Mannheim might be generally familiar for what Cliff Geetrz identified as Mannheim’s Paradox--the problem that how one identifies something as “ideology” (in the marxist sense) is itself an ideological determination--or: how can one critique ideology when one’s critique is saturated therewith? It’s good stuff for marxist epistemology, though Mannheim is not really a marxist himself.

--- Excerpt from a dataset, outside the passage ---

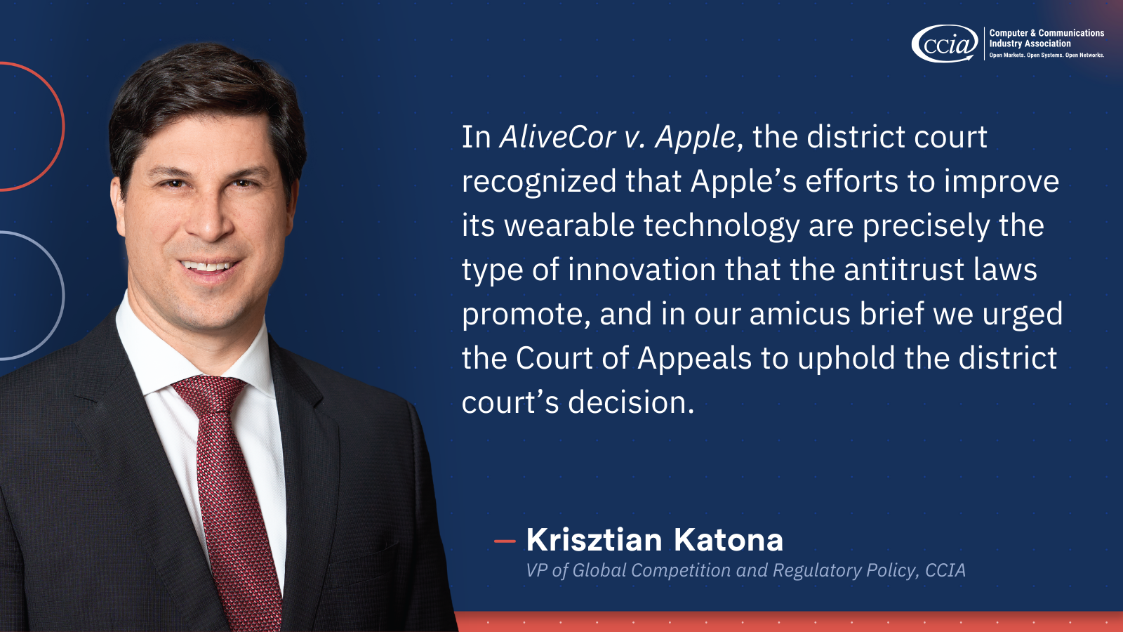 Washington – The Computer & Communications Industry Association joined an amicus brief led by Chamber of Progress that asks the U.S. Court of Appeals for the Ninth Circuit to uphold a district court decision that granted Apple a motion to dismiss in AliveCor v. Apple.

Individual essays that I found useful:
“The Problem of a Sociology of Knowledge” - starts of with a nice history of the idea of “constellation” as drawn from astrology and “incorporated in the new context of
Weltanshauung“ (59). Sociology of knowledge as a problematic is found within the constellation of a) “self-transcendence and self-relativization” (62), b) the “unmasking turn of mind” (65), c) the “emergence of […] the social sphere, in respect to which thought could be conceived of as relative” (69), and d) “the aspiration to make this relativization total” (id.). Goes on to discuss the relation of this schema to positivism, neo-Kantianism, Hegel, Marx, phenomenology.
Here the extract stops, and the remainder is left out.